After electrophoresis, proteins can be visualised by staining with a dye such as Coomassie blue. If a mixture of protein standards of known Mr – sometimes referred to as markers – are run on a gel alongside a protein of unknown Mr, it is possible to estimate the Mr of the unknown.
To do so, it is necessary to first calculate the relative migration distance of the protein – denoted Rf. This value is given by dividing the distance the protein has travelled by the distance that the dye front has travelled. So for the protein X, the Rf is calculated by dividing the distance travelled by the protein – x prime – by the distance travelled by the dye front – d. Similarly, for protein Y, the Rf is given by dividing y prime by d.

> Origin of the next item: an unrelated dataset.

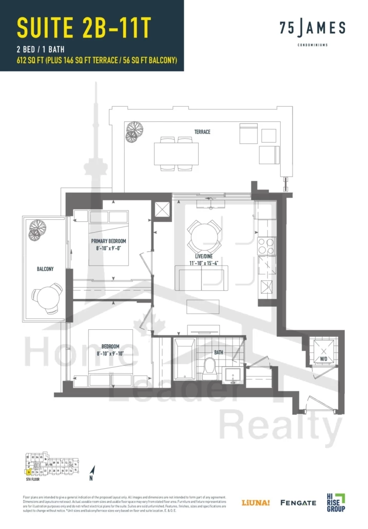 75 James Condos | 526 (2B-11T) 2 beds & 1 bath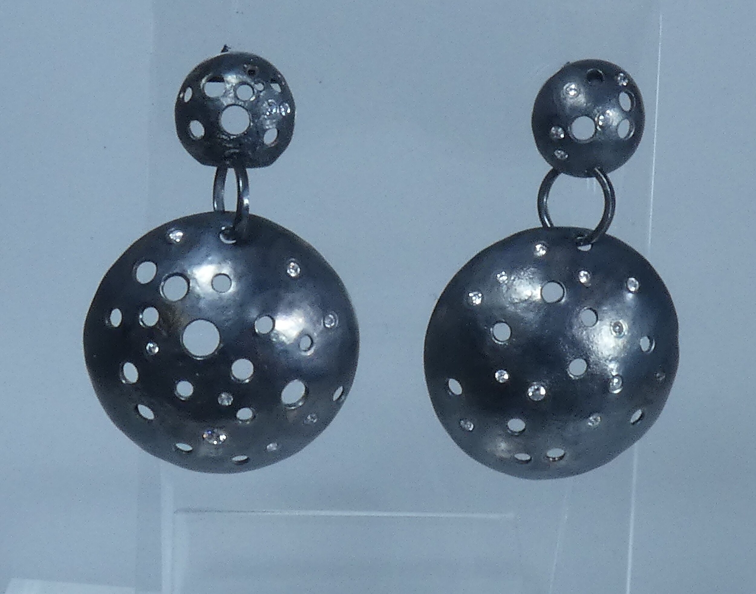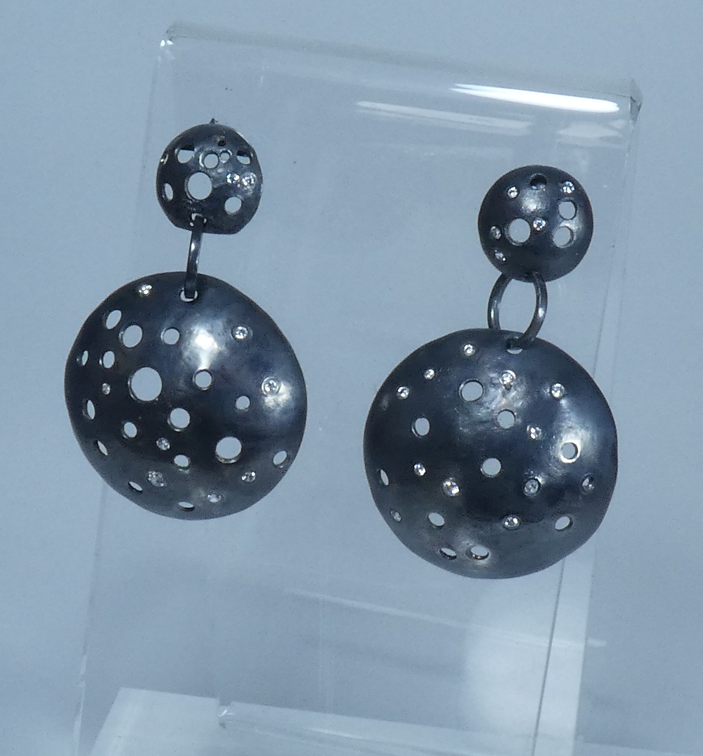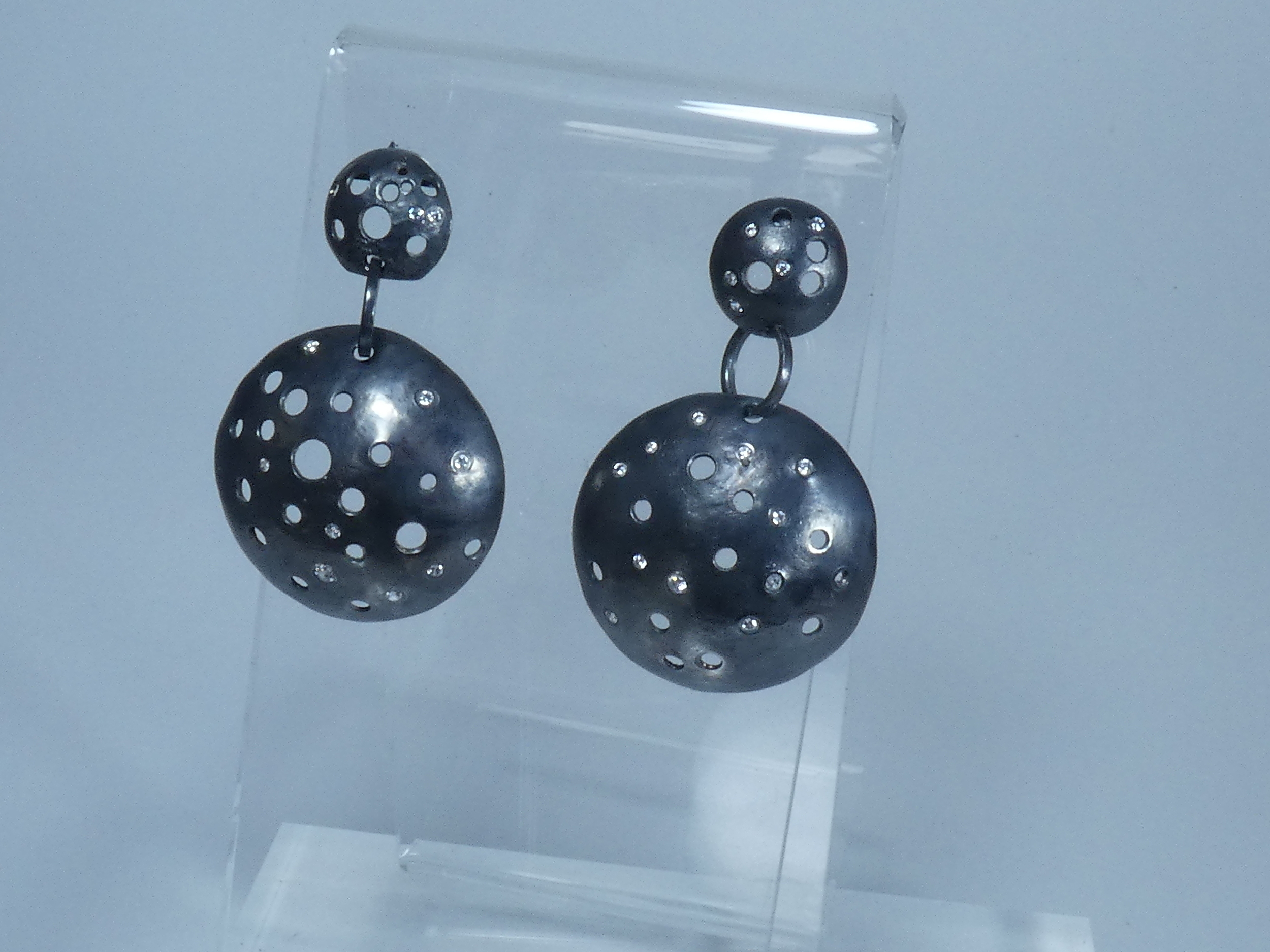 Recycled Sterling Silver Domed and set with with Cubric Zirconia and then oxidised to create the night skies.

The log of the Mr for each standard is plotted against its Rf value. As you can see from the graph, Rf for a protein is inversely proportional to the log of its Mr. Using the standard plot, it is possible to calculate the Mr of the unknown protein from its Rf value.
In practise, SDS-PAGE can only give a rough estimate of the M r of a protein. It is generally used to compare the profile or relative abundance of proteins in, for example, different cell or tissue extracts, or to follow a protein during different stages of its purification.
While SDS-PAGE can tell us something about the number of different proteins in a sample and their relative molecular masses, it does not definitively identify particular proteins. If we have an antibody which specifically recognises the protein of interest, we can perform a procedure known as Western blotting, or immunoblotting.
In the Western blot technique, the proteins in an SDS-PAGE gel are transferred to a nitrocellulose filter by application of an electric field, as shown here. An antibody against a particular protein – indicated as X – is incubated with the filter, and binds specifically to that protein. A secondary antibody which recognises the first antibody and which is conjugated to an enzyme – such as horseradish peroxidase – is incubated with the filter and binds to the primary antibody.
The presence of the enzyme – and hence the presence of protein X – is revealed by incubation of the filter with a substrate for the enzyme. The product of the reaction may, for example, be coloured, or can be luminescent.
The application of this technique can be illustrated as follows. We have five separate mixtures of proteins, and we want to find out which of the mixtures contains a known protein – protein X. We subject the five protein mixtures to SDS-PAGE on two separate identical gels with a mixture of known markers run alongside the unknown proteins.
One of the gels is stained with Coomassie blue dye to visualise all the proteins. The other gel is blotted onto a nitrocellulose filter in a Western blot procedure, and probed with an antibody specific to protein X.
We know the Mr of protein X, and from the stained gel it is evident that a protein with an Mr similar to that of protein X is present in samples one, two, four, and five. From the Western blot, we can see that protein X is only present in samples one, two, and five. And the polypeptide in lane four – though it has the same apparent Mr as X, is not in fact X.